Saturday, January 12, 2008

What will the Fed do?

It was quite amazing and amusing to see the reactions to Federal Reserve Chairman Bernanke's speech on Thursday. Sure, he allowed that the Fed could and is willing to act aggressively, but somehow that got stretched into a slam dunk certainty that the Fed will act, which is not what Bernanke said at all. In truth there will be more than enough new economic data, including the latest Fed Beige Book, plus candid, private discussions between FOMC participants and banking and business leaders in the days immediately before the FOMC meeting, so that there will be plenty of room for the Fed to evolve to a significantly different position than what people seemed to be misguidedly assuming after they distorted Bernanke's speech.

OTOH, enough people were already talking about a half-point cut as being a done deal before Bernanke's speech, as well as being indicated by fed funds futures prices, that this was Bernanke's opportunity to disavow that presumption and he most certainly did not.

Fed funds futures prices are usually a fairly reliable indicator within 45 days of an FOMC meeting.
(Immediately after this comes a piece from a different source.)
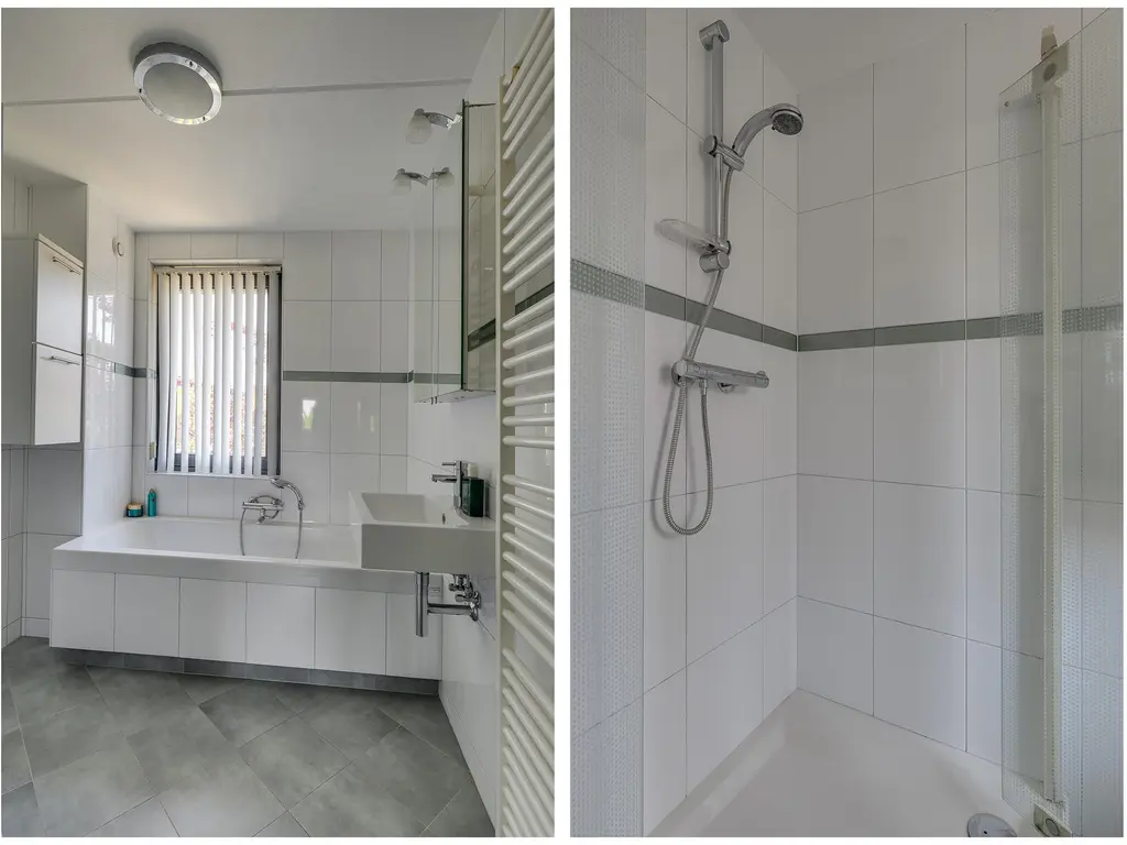 De slaapkamer aan de voorzijde van de woning is voorzien van een elektrische screen, die zorgt voor zowel privacy als zonwering. De aangrenzende (volledig betegelde) badkamer is uitgerust met een douche, ligbad, wastafel en een designradiator. Aan de achterzijde bevinden zich twee slaapkamers, waaronder de hoofdslaapkamer. Beide kamers zijn uitgerust met rolluiken en horren, zodat u zowel ’s nachts als overdag kunt genieten van een aangename temperatuur en geen last heeft van insecten.

As of the close on Friday, February fed funds futures were indicating a 100% chance of a half-point cut plus a 40% chance of an additional quarter-point cut. Part of this betting is that some people believe that the Fed may be forced to cut before the FOMC meeting as well as at the meeting.
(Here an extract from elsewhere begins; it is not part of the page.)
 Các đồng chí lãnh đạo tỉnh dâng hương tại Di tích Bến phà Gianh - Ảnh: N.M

The economic data of late has been mixed enough that there is no need for the Fed to cut its target rate before the scheduled FOMC meeting. I do believe that a quarter-point cut is a slam-dunk and that a half-point is a distinct possibility if we see significant deterioration over the next two weeks. The weekly data, such as chain store sales, unemployment claims, mortgage applications, and commercial paper issuance, will give the Fed some hard data to consider. As important, a wide variety of banking and business leaders will privately tell Fed officials what they really think is needed.
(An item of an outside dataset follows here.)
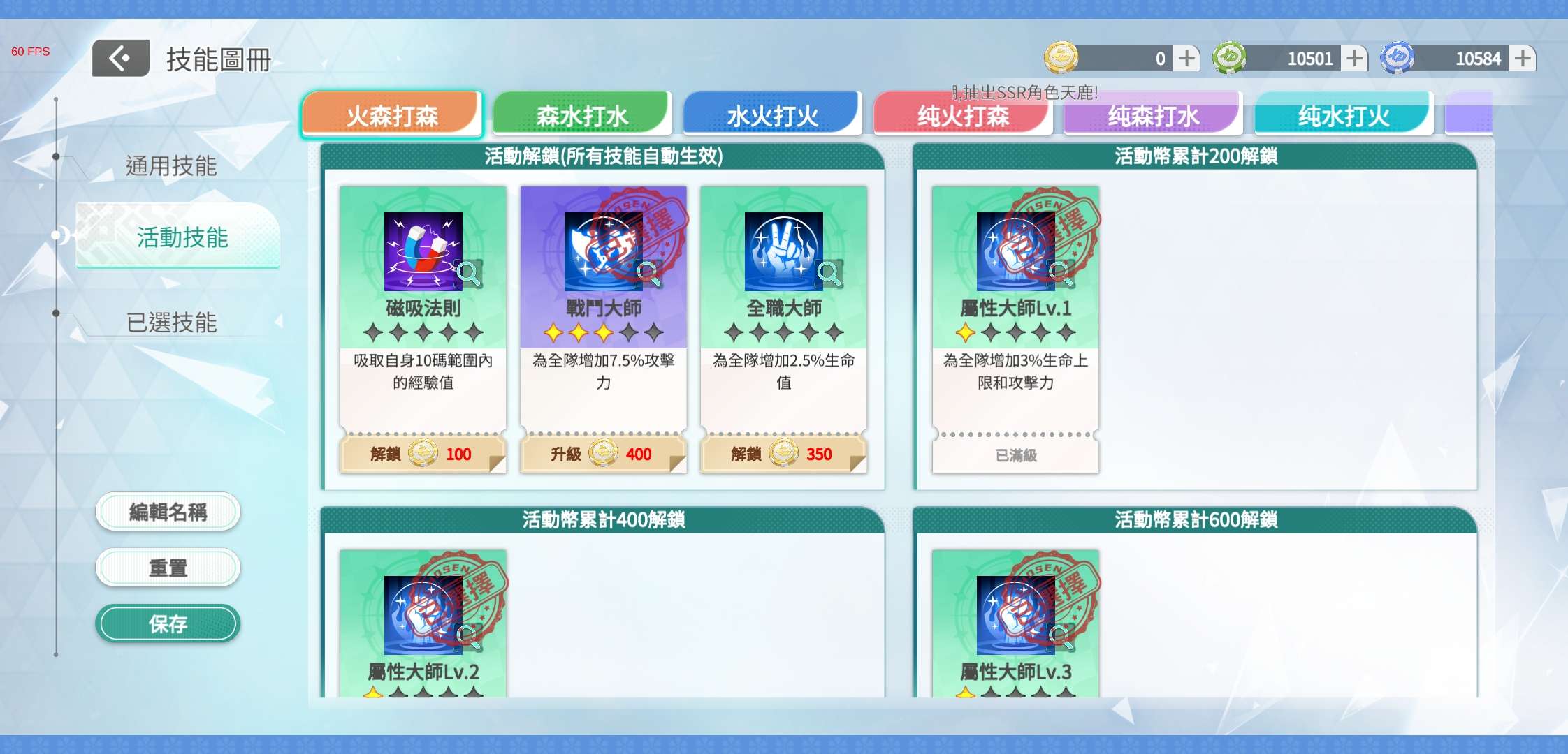 属性大师技能:

Please note that changes to the fed funds target rate impact the real economy with a significant lag, on the order of months to a year or more, so it would be incorrect to presume that any recent economic weakness was an indication that Fed monetary policy was not working. Actually, mortgage applications were up sharply last week, so there is at least some evidence that there has been some positive effect to date.